Europe

Putin’s Increasingly Desperate Situation and Possible Outcomes

  • Putin’s situation becoming desperate.
  • Is a coup possible?
  • Is a fascist-type dictatorship possible?
  • Is there a social base and an armed force for such a dictatorship?
  • What is the working class alternative?

The world’s largest traffic jam ever: Russia’s 40 mile truck convoy appears to be stuck in the mud – a symbol of the entire invasion.

Putin’s invasion of Ukraine is not going well for him. So far, though, he has hesitated to carry out an all-out air attack on Ukraine’s principle cities, especially on Kyiv. But few think he won’t do it if necessary. After all, he did that in the Chechen city of Grozny in 2000 as well as throughout Syria for years. In those cases the US was entirely willing to give Putin a pass. In the case of Syria, they actually helped Putin by refusing to allow the rebels to get ahold of anti-aircraft weapons. The US capitalist class did that because they feared that if Assad fell the Islamic fundamentalists would take his place.

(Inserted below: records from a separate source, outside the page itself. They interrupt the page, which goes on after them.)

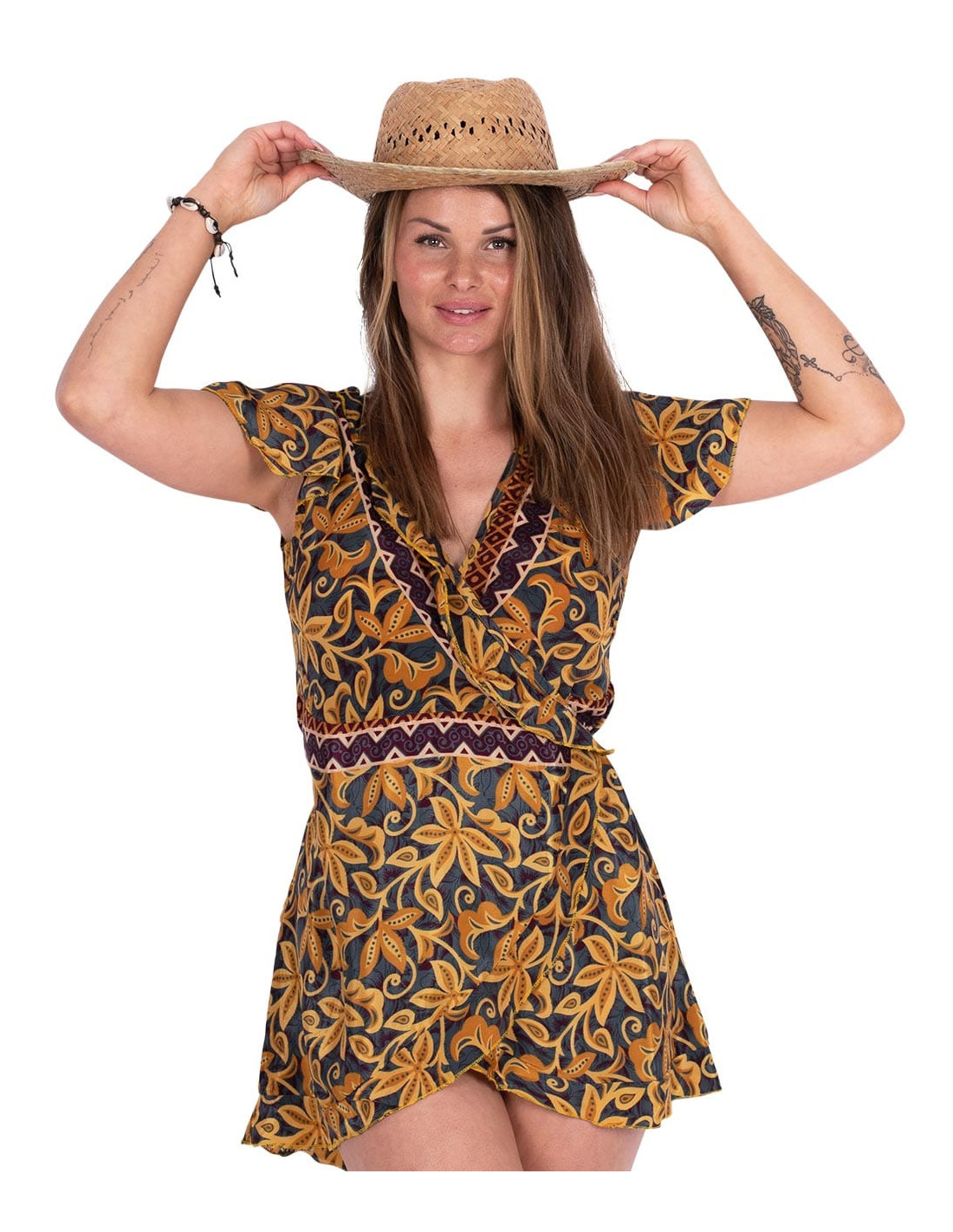 Printed silk dress with deep V-neck that is repeated on the back It belongs to the collection with the project:
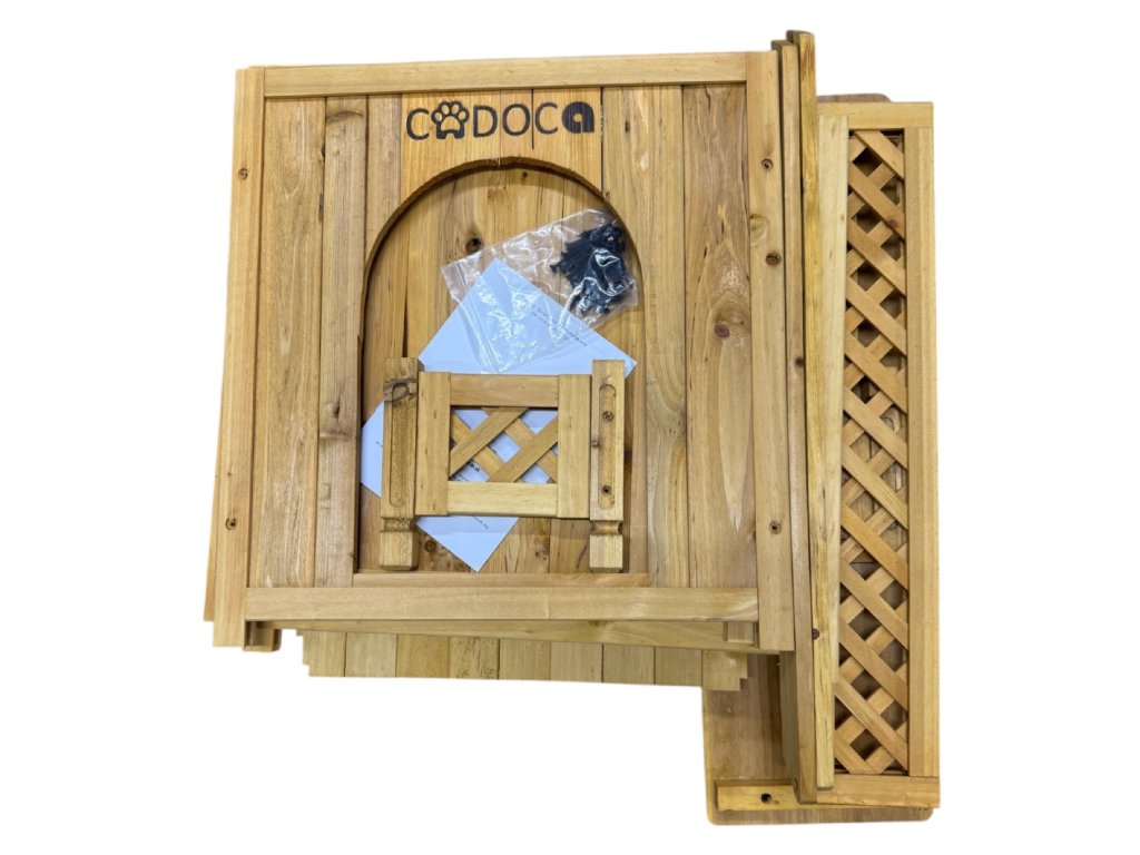 Tento dřevěný domek pro malá zvířata nabízí ideální kombinaci úkrytu, odpočinku i zábavy – ať už pro kočku, malého psa nebo jiné drobné mazlíčky.
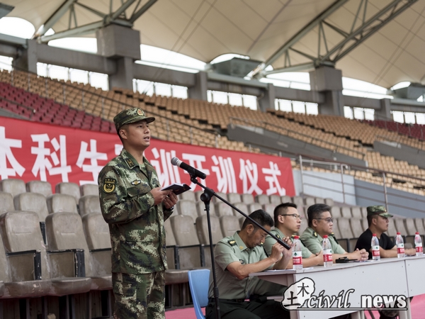 随后,仪式进行第三项,由黄少校发表讲话。他首先欢迎新同学来到西南交大学习以及军训并对前来军训的教官们表示问候。随后,他强调了军训能够培养一个人坚韧不拔、迎难而上的坚毅品质,希望大家能够重视军训。黄少校语重心长地说:“军训不仅仅是我们每个大学生的义务,更是实现我们强军梦的一个重要步骤。”
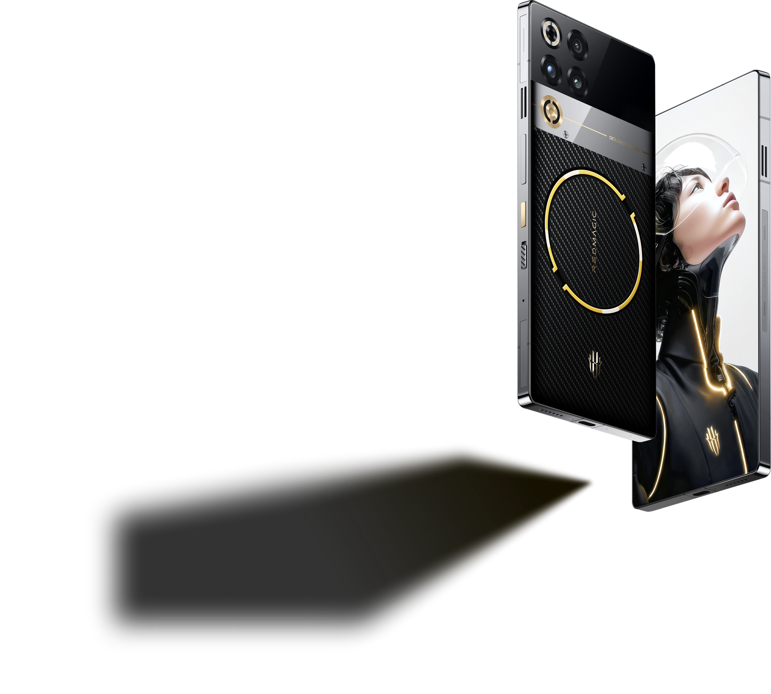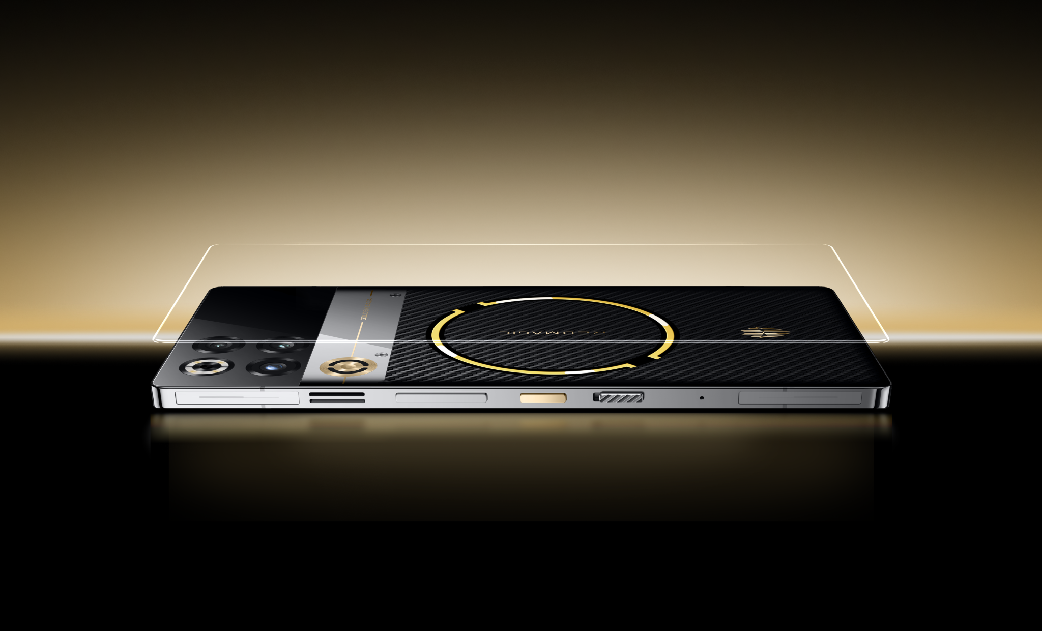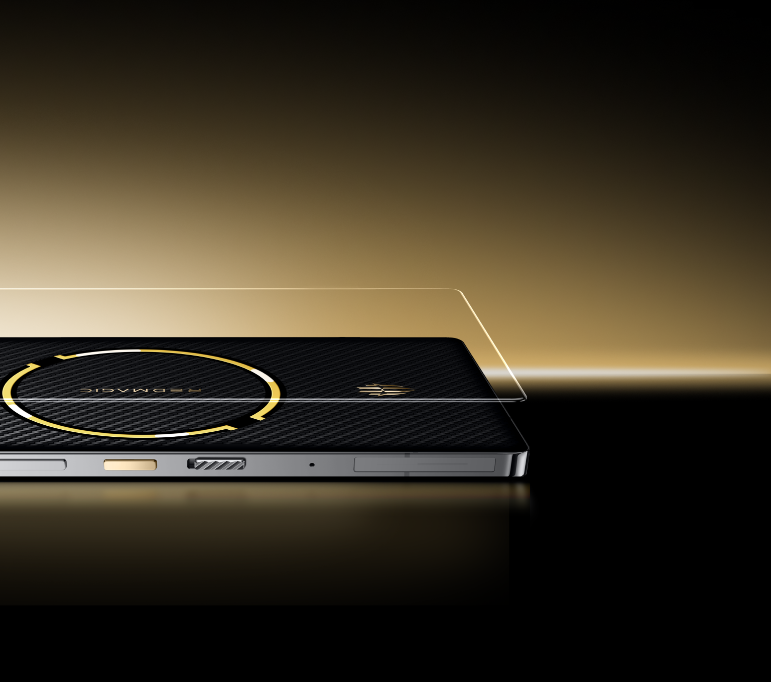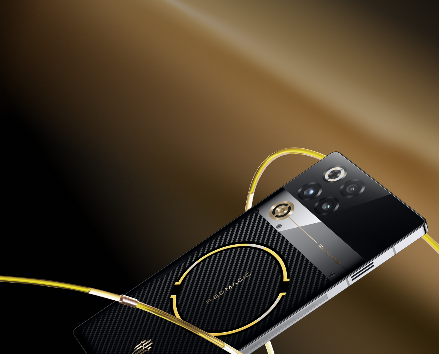 *El botón de encendido, los logotipos REDMAGIC y Golden Saga, y el pin de la tarjeta SIM están todos chapados en oro.
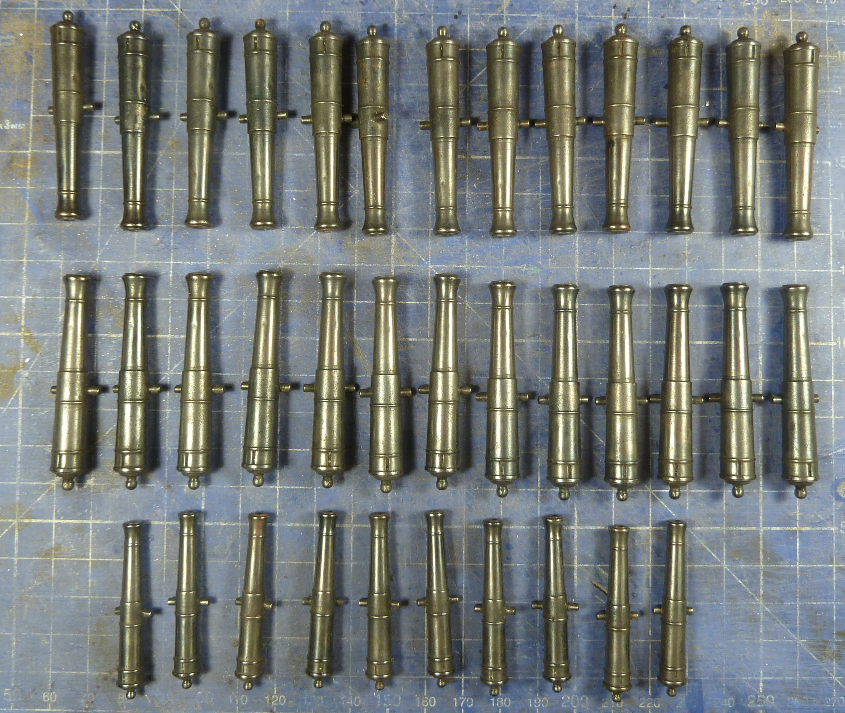 Решил расширить немного производство. Начинаю изготавливать на заказ артиллерию и якоря. Литье будет из легкоплавкого стоматологического сплава или аналогичного ему по свойствам. На данный момент располагаю небольшой коллекцией мастер моделей, и силиконовых форм,но по чертежам заказчика изготовлю,модель и форму если потребуется. В стоимость работы это не войдет, при условии что оснастка останется у меня и будет в дальнейшем использоваться. Отливки после механической обработки следует меднить и чернить. Возможно изготовление как только литья так и полностью готовых, черненых изделий. Покрытие прочное, не стирается пальцами и не отваливается. Чернение происходит на всю глубину медного слоя. Поцарапать деталь до олова конечно можно. но чернение с латуни стирается и царапается намного больше. Обычно для придания более темного оттенка я литье на своих моделях покрываю слоем жидкого битумного лака.
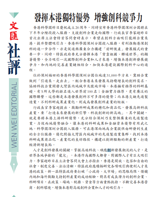 香港科學園昨日慶祝成立20周年,同時宣布香港科學園深圳分園將在下半年分階段投入服務,支援創科企業走向國際。行政長官李家超昨日首次出席立法會特首答問會時表示,希望在創科方面吸引龍頭企業來港,提升整體吸引力。香港科學園深圳分園投入服務,有利推動港深創科的進一步合作,亦是促進與廣東合力構建「前研後產」發展模式的重要一步。同時,特區政府要充分發揮本港「背靠祖國、聯通世界」的顯著優勢,全力吸引一流國際創科企業和人才來港,增強本港創新發展競爭力,和內地的完善產業鏈相結合,加快本港建設國際創科中心的進程。
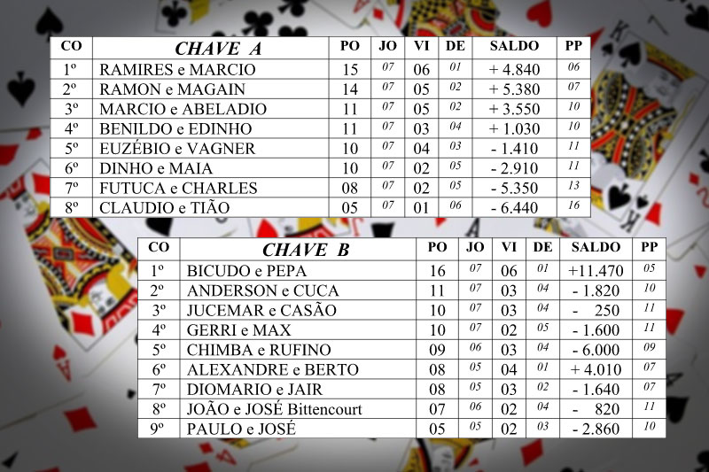 Ramires e Márcio, Ramon e Magain, Márcio e Abeladio, Benildo e Edinho, Euzébio e Vagner, além de Dinho e Maia já estão garantidos na segunda fase do campeonato de canastra em dupla do Clube dos 50. Pelo Grupo A se despediram então Futuca e Charles, Cláudio e Tião. Já na Chave B, restam ainda mais jogos para o carimbo no passaporte das seis primeiras equipes. Os confrontos ocorrerão ao longo desta semana.

As for the people of Syria, the US rulers cared no more for them then they did for the Vietnamese, the Chileans or the US working class and the especially oppressed at home for that matter. Putin may topple Zelensky through an all-out air war. However, as the US imperialists discovered in Afghanistan and Iraq, it’s one thing to topple a government; it’s another thing to establish a replacement. So even accomplishing that will only lead him into a deeper quagmire.

Can he survive that quagmire?

Putin publicly humiliates his spy chief Naryshkin

Putin’s Cabinet of Toadies
Putin has had 22 years to consolidate his personal rule. If you think of how Trump built a cabinet of complete toadies in just four years, you get a little vision of what Putin was able to accomplish in 22 years. In one cabinet meeting, he had his foreign minister Sergey Lavrov give a report. When Lavrov was finished, Putin just dismissed him as if he were a little child. “I see. Take your seat, please,” he told him. Then there is the famous instance in which he publicly humiliated his head of security Sergei Naryshkin.

A number of newspapers have commented on this. The Wall St. Journal editors have explained that Putin now “knows that the flattering ‘experts’ who reinforced his prejudices about the weakness of Ukrainian national identity were talking through their hats.” The Washington Post explained U.S. and European intelligence officials say that Russian President Vladimir Putin appears isolated and reliant on a small coterie of advisers who have not told him the truth about how difficult and costly conquering Ukraine is turning out to be.”

Some on the left might claim this is just US war propaganda. Those would be the same people who said the same thing about all Biden’s warnings that Putin was planning to invade Ukraine. It is not just wartime propaganda; it is the inevitable outcome of a form of capitalist rule by a one person dictatorship, and it shows why the capitalist class prefers to rule through “democratic” means.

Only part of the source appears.